WORK TO COMPLETE:
Where a picture appears, skip it and copy everything else in the listing exactly.

MATERIAL PROVIDED:
● ● ● ●

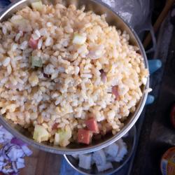 2. Prepare the remaining rice and break it into small pieces.Add eggs and diced ham
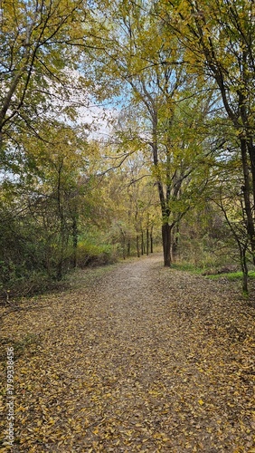 Obraz premium Wooded Path Covered with Yellow Fallen Leaves in Autumn Park (노란 낙엽으로 덮인 가을 공원 숲 오솔길)
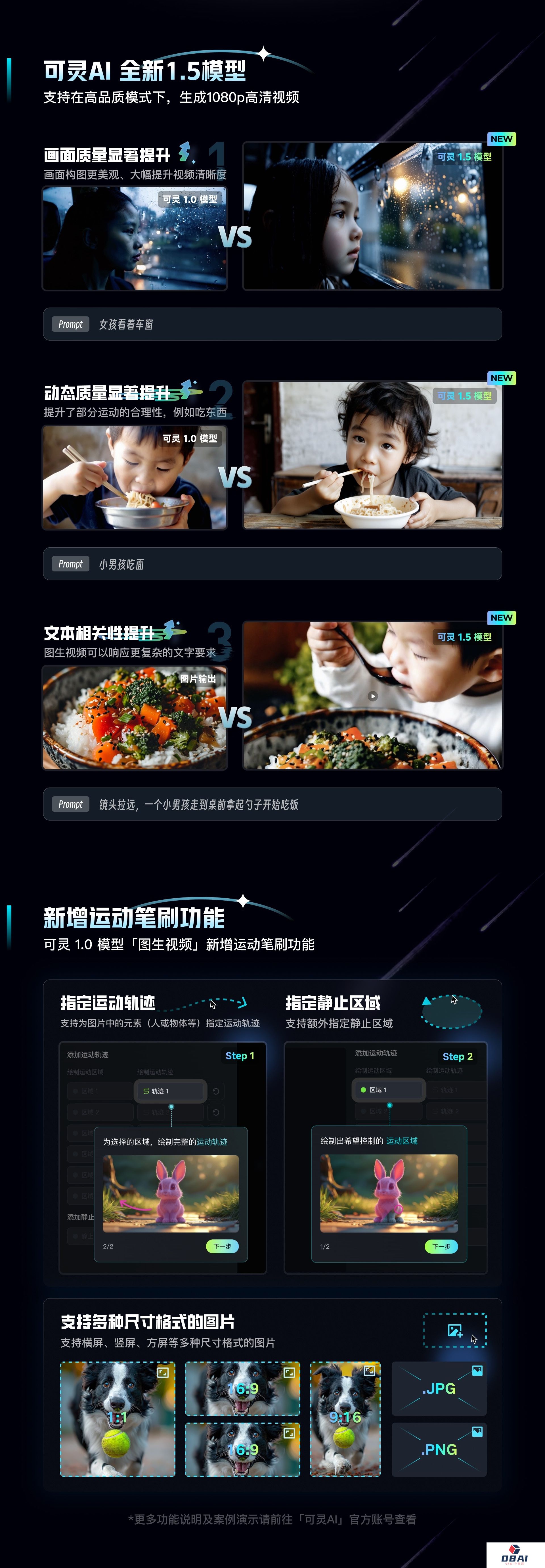 9月19日,快手旗下AI视频创作平台「可灵AI」对外发布可灵V1.5 模型,新增“运动笔刷”功能。可灵 V1.5 模型是可灵 AI 首个较大数字的版本迭代,针对用户反馈的需求,增强了 AI 视频的生成后编辑能力。
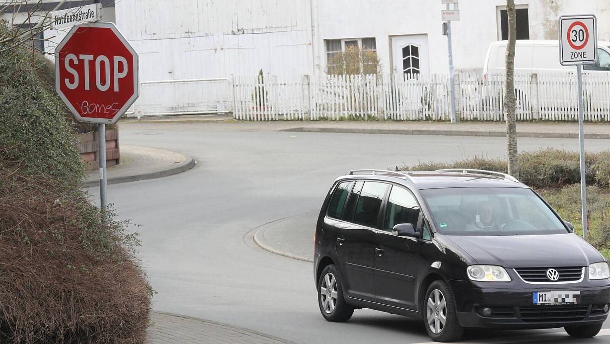 Das Stoppschild an der Nordbahnstraße, Ecke Lange Straße zeigt seit Sturmtief Zeynep in die falsche Richtung. | © Ulf Hanke

● ● ● ●

ANSWER FOR THIS EXERCISE:
 2. Prepare the remaining rice and break it into small pieces.Add eggs and diced ham
 Obraz premium Wooded Path Covered with Yellow Fallen Leaves in Autumn Park (노란 낙엽으로 덮인 가을 공원 숲 오솔길)
 9月19日,快手旗下AI视频创作平台「可灵AI」对外发布可灵V1.5 模型,新增“运动笔刷”功能。可灵 V1.5 模型是可灵 AI 首个较大数字的版本迭代,针对用户反馈的需求,增强了 AI 视频的生成后编辑能力。
 Das Stoppschild an der Nordbahnstraße, Ecke Lange Straße zeigt seit Sturmtief Zeynep in die falsche Richtung. | © Ulf Hanke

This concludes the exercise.